'''
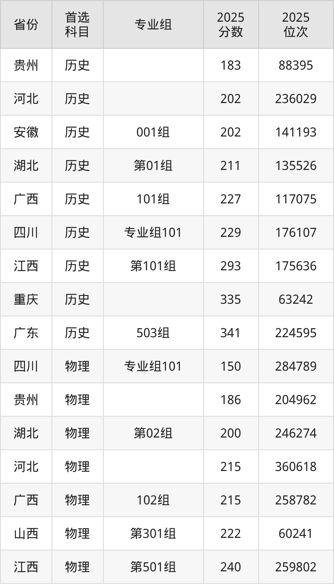 2025年贵州民用航空职业学院在新高考3+1+2地区的录取分数线为:历史类183分-341分、物理类150分-314分。
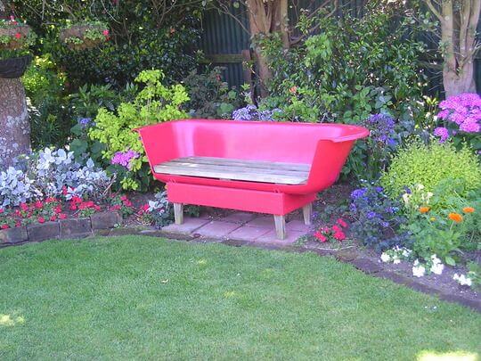An old tub can be reimagined into a one-of-a-kind garden bench. Cut one side open and fit a wooden seat across the top.
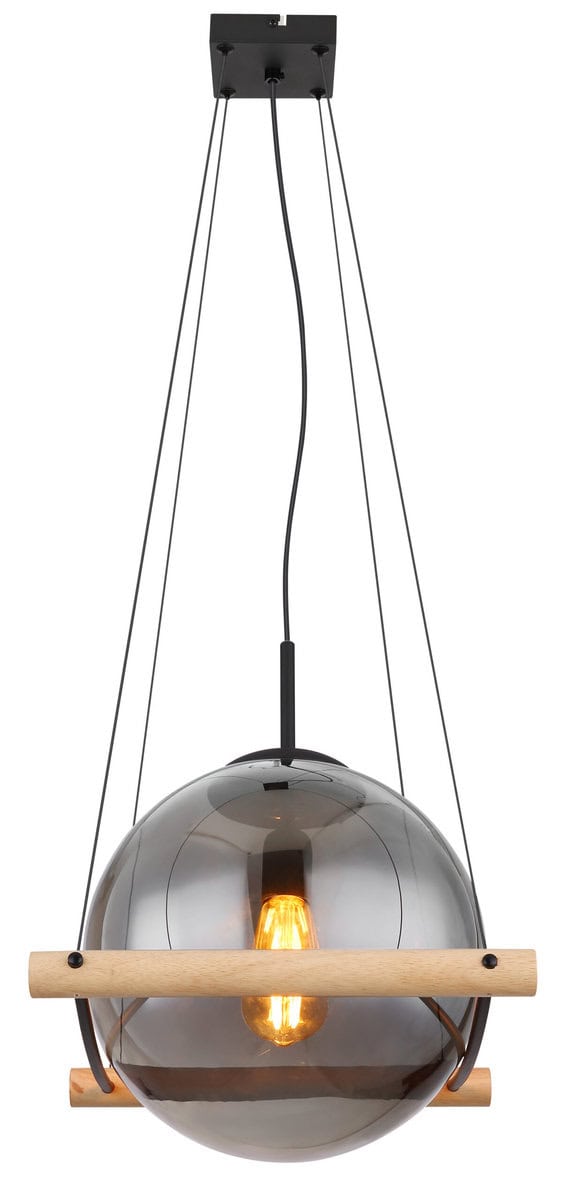 Ova viseća lampa LEONA serije sastoji se od crne mat metalne baze, drvenog okvira prirodne boje i staklenog difuzora u boji dima. Crni PVC kabel je podesiv po visini kako biste pronašli savršenu visinu za vaš objekat. Dimenzije svetiljke su DxŠxV: 335x350x1200mm. Za svetiljku je potrebna sijalica E27 maksimalne snage 15W na naponu od 230V, ali ona nije uključena.
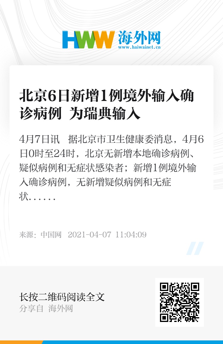 中国网4月7日讯 据北京市卫生健康委消息,4月6日0时至24时,北京无新增本地确诊病例、疑似病例和无症状感染者;新增1例境外输入确诊病例,无新增疑似病例和无症状感染者。
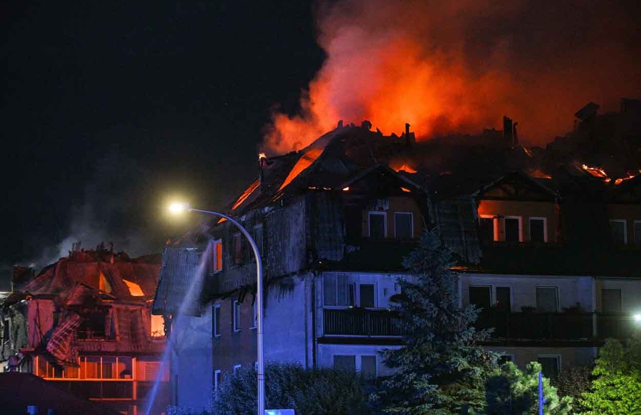 Pożar wybuchł w czwartek, 3 lipca 2025 r., około godz. 19 na poddaszu jednego z bloków na osiedlu przy ul. Powstańców w Ząbkach. Ogień szybko objął dwie najwyższe kondygnacje z mieszkaniami dwupoziomowymi.
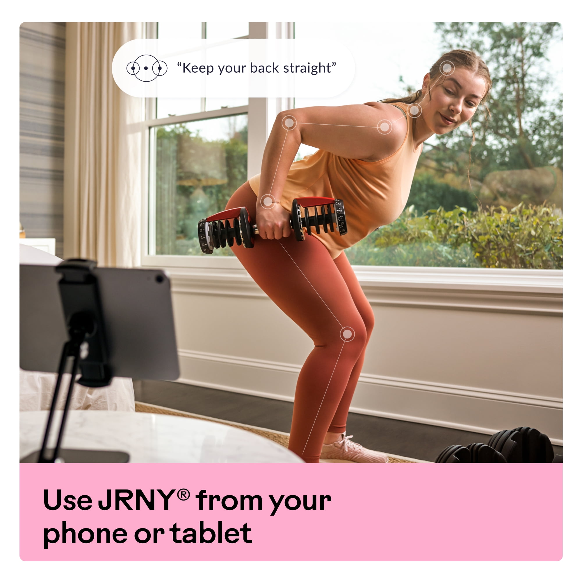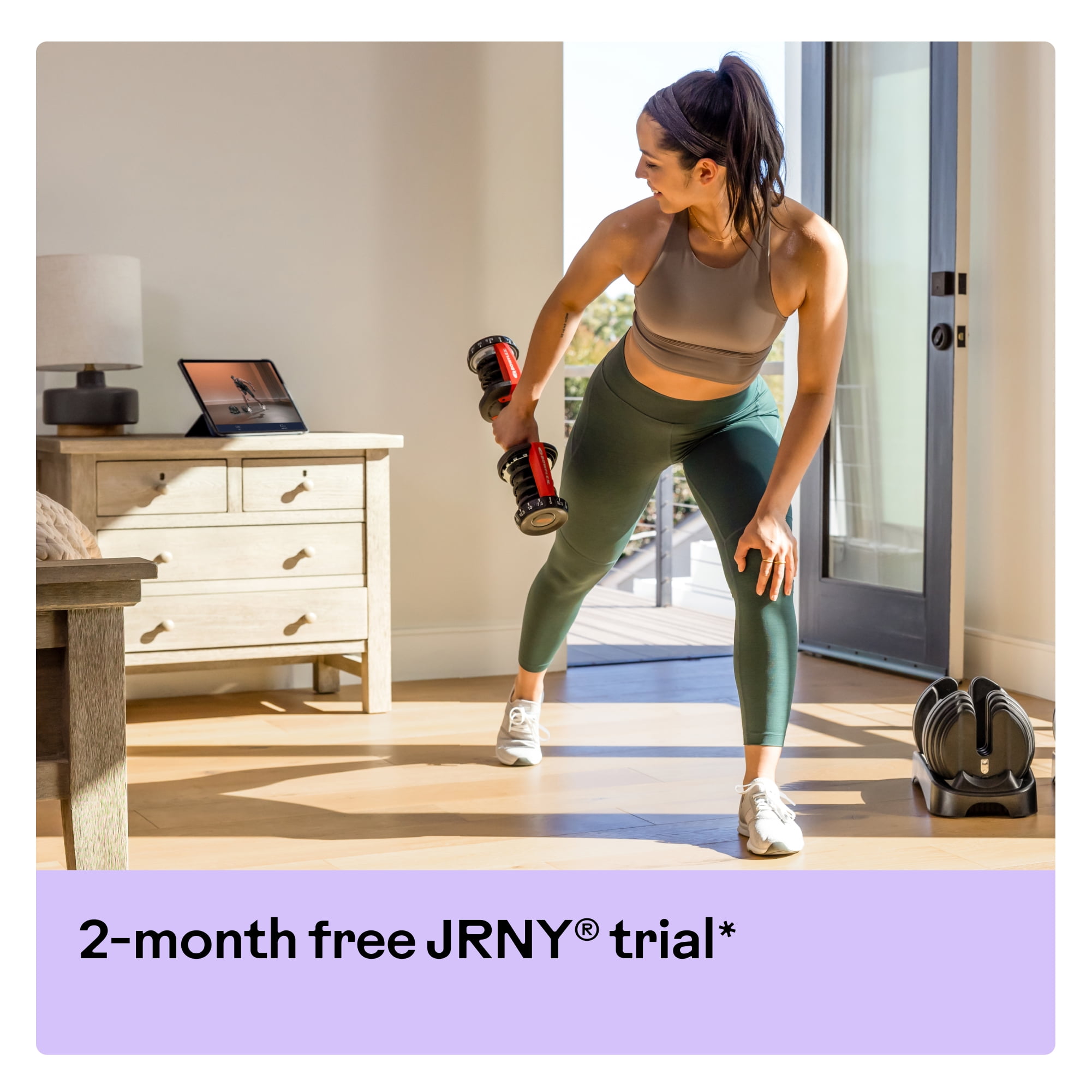 WIDER WEIGHT RANGE: Each dumbbell adjust from 5 to 52.5 lb. in 2.5 lb. increments up to 25 lb. TURN OF A DIAL: Select the weight you want with the turn of the dial – no more picking up 15 different dumbbells to give you the results you want. SPACE EFFICIENT: Say goodbye to 15 sets of dumbbells cluttering your workout space. 2-MONTH FREE TRIAL: Try our JRNY All-Access Membership for 2 months, free. JRNY MOBILE-ONLY MEMBERSHIP: Get strength-training and bodyweight workouts, at home and on the go from your phone or tablet. TOTAL BODY RESULTS: With the wider weight range you can do heavy exercises such as shrugs and lunges as well as lighter exercises such as curls and raises.
'''
From the first line through the line with "Ova viseća lampa", output those lines of the entries above exactly, and nothing else, with the pictures left out.

 2025年贵州民用航空职业学院在新高考3+1+2地区的录取分数线为:历史类183分-341分、物理类150分-314分。
An old tub can be reimagined into a one-of-a-kind garden bench. Cut one side open and fit a wooden seat across the top.
 Ova viseća lampa LEONA serije sastoji se od crne mat metalne baze, drvenog okvira prirodne boje i staklenog difuzora u boji dima. Crni PVC kabel je podesiv po visini kako biste pronašli savršenu visinu za vaš objekat. Dimenzije svetiljke su DxŠxV: 335x350x1200mm. Za svetiljku je potrebna sijalica E27 maksimalne snage 15W na naponu od 230V, ali ona nije uključena.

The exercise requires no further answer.